In total, we report genome-wide data for 135 (out of 216 attempted) individuals from eight distinct sites (Fig. 1) ranging from around 5400 to 2400 bc: Neolithic (n = 1), CA (n = 95), Eneolithic (n = 18) and EBA (n = 21). All samples were enriched for a panel of 1.24 million single-nucleotide polymorphisms (1,240,000 SNP panel32), ranging from 61,000 to 947,000 SNPs with an average SNP coverage between 0.01× and 3.4×. We used a cut-off of 400,000 SNPs for hapROH and imputation and filtered for >550,000 SNPs for identity-by-descent (IBD) analyses (Supplementary Table A; Methods). We also report 113 new radiocarbon dates (Fig. 1c and Supplementary Table A). To assess the genetic ancestry and variation of the newly typed individuals we first performed principal component analysis (PCA) constructed from 1,253 modern-day West Eurasians from 77 different populations, onto which data from the ancient individuals were projected (Fig. 1b and Supplementary Table B; Methods).

Neolithic and Copper Age ancestries

The earliest-dated individual in our dataset, PIE039 from Pietrele, falls in the expected range of other SEE Neolithic individuals in PCA space, with whom she also shares affinities according to outgroup f3 statistics (Fig. 1b, Fig. 2 and Supplementary Table C). We used f4 statistics of the form f4 (test, PIE039; HGs, Mbuti), where ‘test’ are different Neolithic groups, to identify the genetically most similar Neolithic groups, which were then used as local proxies for quantitative ancestry modelling. We found Hungary_LN_Sopot and Malak Preslavets N to be most symmetrically related to PIE039 with respect to all HG comparisons (|Z| ≤ 1) and thus combined them into local group SEE 1, which could be used as a single source for proximal qpAdm modelling (P = 0.41), confirming shared local ancestry (Extended Data Fig. 2, Fig. 3d, Supplementary Tables D, E, H and Supplementary Information 5).

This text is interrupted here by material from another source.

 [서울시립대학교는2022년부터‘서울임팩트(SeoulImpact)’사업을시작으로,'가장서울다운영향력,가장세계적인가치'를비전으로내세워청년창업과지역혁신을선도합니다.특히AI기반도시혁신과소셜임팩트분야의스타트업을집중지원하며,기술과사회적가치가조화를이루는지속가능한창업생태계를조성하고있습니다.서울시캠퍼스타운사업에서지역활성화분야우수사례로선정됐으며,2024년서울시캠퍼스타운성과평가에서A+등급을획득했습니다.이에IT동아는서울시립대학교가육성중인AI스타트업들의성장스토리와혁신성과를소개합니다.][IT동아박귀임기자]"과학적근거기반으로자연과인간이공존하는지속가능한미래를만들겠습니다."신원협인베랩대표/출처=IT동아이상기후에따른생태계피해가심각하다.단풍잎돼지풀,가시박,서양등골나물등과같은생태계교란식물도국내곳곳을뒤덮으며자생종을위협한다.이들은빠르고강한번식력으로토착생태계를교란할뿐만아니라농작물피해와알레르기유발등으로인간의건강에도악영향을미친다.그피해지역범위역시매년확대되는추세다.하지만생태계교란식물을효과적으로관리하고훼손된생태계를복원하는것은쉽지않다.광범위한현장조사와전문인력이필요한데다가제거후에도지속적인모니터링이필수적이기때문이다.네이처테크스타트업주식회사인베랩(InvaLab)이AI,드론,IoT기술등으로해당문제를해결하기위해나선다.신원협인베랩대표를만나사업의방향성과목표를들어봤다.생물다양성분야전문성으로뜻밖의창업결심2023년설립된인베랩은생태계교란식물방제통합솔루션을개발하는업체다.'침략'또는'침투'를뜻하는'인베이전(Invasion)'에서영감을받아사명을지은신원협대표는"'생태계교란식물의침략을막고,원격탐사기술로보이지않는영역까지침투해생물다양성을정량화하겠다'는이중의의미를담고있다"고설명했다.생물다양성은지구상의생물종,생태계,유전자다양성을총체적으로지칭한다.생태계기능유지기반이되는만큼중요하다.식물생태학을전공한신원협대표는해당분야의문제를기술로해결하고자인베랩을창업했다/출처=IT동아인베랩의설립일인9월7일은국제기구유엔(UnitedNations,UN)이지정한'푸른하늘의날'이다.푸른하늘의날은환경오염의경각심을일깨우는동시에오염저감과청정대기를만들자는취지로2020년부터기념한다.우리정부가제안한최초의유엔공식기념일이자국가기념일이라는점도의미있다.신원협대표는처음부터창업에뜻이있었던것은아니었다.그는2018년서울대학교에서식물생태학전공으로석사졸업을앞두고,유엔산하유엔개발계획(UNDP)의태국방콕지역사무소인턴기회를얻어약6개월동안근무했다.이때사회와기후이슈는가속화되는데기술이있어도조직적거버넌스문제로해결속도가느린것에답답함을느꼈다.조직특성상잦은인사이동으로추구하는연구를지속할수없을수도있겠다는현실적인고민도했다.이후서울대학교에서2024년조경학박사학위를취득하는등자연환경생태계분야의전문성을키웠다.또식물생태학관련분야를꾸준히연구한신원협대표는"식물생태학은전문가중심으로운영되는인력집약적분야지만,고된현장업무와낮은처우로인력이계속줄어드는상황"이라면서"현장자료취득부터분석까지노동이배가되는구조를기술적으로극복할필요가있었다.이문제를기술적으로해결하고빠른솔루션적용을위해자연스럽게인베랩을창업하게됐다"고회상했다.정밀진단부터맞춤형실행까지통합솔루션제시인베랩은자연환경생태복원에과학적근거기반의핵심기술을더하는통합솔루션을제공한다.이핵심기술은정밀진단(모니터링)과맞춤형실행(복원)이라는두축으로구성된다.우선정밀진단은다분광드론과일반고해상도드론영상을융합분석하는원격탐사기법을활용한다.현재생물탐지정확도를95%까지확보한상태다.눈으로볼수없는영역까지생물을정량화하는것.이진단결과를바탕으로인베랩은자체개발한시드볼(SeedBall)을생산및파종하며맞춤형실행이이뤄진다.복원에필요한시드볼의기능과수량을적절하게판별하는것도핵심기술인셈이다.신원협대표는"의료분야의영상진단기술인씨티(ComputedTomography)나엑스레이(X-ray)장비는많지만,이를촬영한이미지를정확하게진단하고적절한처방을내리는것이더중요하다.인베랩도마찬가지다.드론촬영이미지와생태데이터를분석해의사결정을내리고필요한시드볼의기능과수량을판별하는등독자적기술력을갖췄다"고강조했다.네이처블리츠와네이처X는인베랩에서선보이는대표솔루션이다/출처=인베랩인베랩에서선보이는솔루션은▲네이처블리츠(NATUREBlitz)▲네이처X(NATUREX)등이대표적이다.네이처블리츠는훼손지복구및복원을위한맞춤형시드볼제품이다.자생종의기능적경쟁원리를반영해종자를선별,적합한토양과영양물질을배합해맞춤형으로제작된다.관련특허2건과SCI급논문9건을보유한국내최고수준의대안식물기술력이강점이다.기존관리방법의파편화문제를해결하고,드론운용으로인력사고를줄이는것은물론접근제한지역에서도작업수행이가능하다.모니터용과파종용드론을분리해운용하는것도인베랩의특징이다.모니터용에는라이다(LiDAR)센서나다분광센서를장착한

Fig. 2: Outgroup f3 statistics for SEE CA, Ukraine Eneolithic and Early Bronze Age groups.
figure 2

Outgroup f3 statistics of the form f3(test1, test2; Mbuti) plotted onto maps of central/SEE highlighting the shifting genetic affinities over time, separated temporally. Test1 includes groups and individuals newly reported in this study (headers) and their respective location is given by a grey circle. Test2 includes all relevant ancient populations from the respective time period (Supplementary Table C) and their locations are indicated as filled circles with black outlines. Higher f3 statistics (red colours) indicate more shared drift with the respective group in Test1. All f3 statistics, including outlier individuals and published ancient populations further west, can be found in Supplementary Table C. The maps were made in R57 and the tile sets are copyright of Stamen Design, under a Creative Commons Attribution (CC BY 3.0) licence.

Fig. 3: Distal and proximal qpAdm results for the Copper Age, Ukraine Eneolithic and Early Bronze Age groups.
figure 3

ac, Distal models with Turkey_N, WHG, EHG and CHG as sources for the three sampled time periods: SEE CA (a); Ukraine Eneolithic (b); and Early Bronze Age (c). df, Geographically and temporally proximal models of the three sampled time periods: SEE CA (d); Ukraine Eneolithic (e); and Early Bronze Age (f) (Supplementary Tables G, H, P, Q, V and W). All results shown here were run with the parameter ‘allSNPs: NO’ (Supplementary Information 6). * Indicates non-supported/rejected/failed models when applying a P value cut-off of less than 0.05 (shown in italics). Ancestry proportions are shown with one standard error. Standard errors were computed with the default block jackknife approach.

In PCA space, the chronologically younger SEE CA individuals from the emblematic sites of Yunatsite (YUN), Varna (VAR), Pietrele (PIE) and the multiple burial from Tell Petko Karavelovo (PTK), form a tight cluster that also overlaps with published Neolithic individuals from Anatolia and SEE29 (Fig. 1b). Moreover, outgroup f3 statistics suggest local genetic homogeneity throughout the CA in this region (Fig. 2 and Supplementary Table C). However, all SEE CA groups are slightly shifted towards the EHG/WHG cline in both PC1 and PC2 compared to most published Neolithic individuals. Distal qpAdm modelling (Fig. 3a and Supplementary Table G) confirmed minimal amounts of EHG-, CHG- and WHG-like ancestry, in addition to predominantly Turkey_N-like ancestry. This ancestry composition is already present during the Neolithic29 and confirmed by the test f4 (test, CA; HGs, Mbuti) in which Neolithic groups form a clade with SEE CA with respect to HG groups (Extended Data Fig. 2, Supplementary Tables D and E and Supplementary Information 5). This allows us to identify the best local Neolithic proxy for each SEE CA group and to account for the subtle differences in ancestries. Using the respective, locally preceding, Neolithic groups for proximal qpAdm modelling, we could model all SEE CA groups as a single-source model (Fig. 3d and Supplementary Table H), suggesting genetic continuity at the local scale.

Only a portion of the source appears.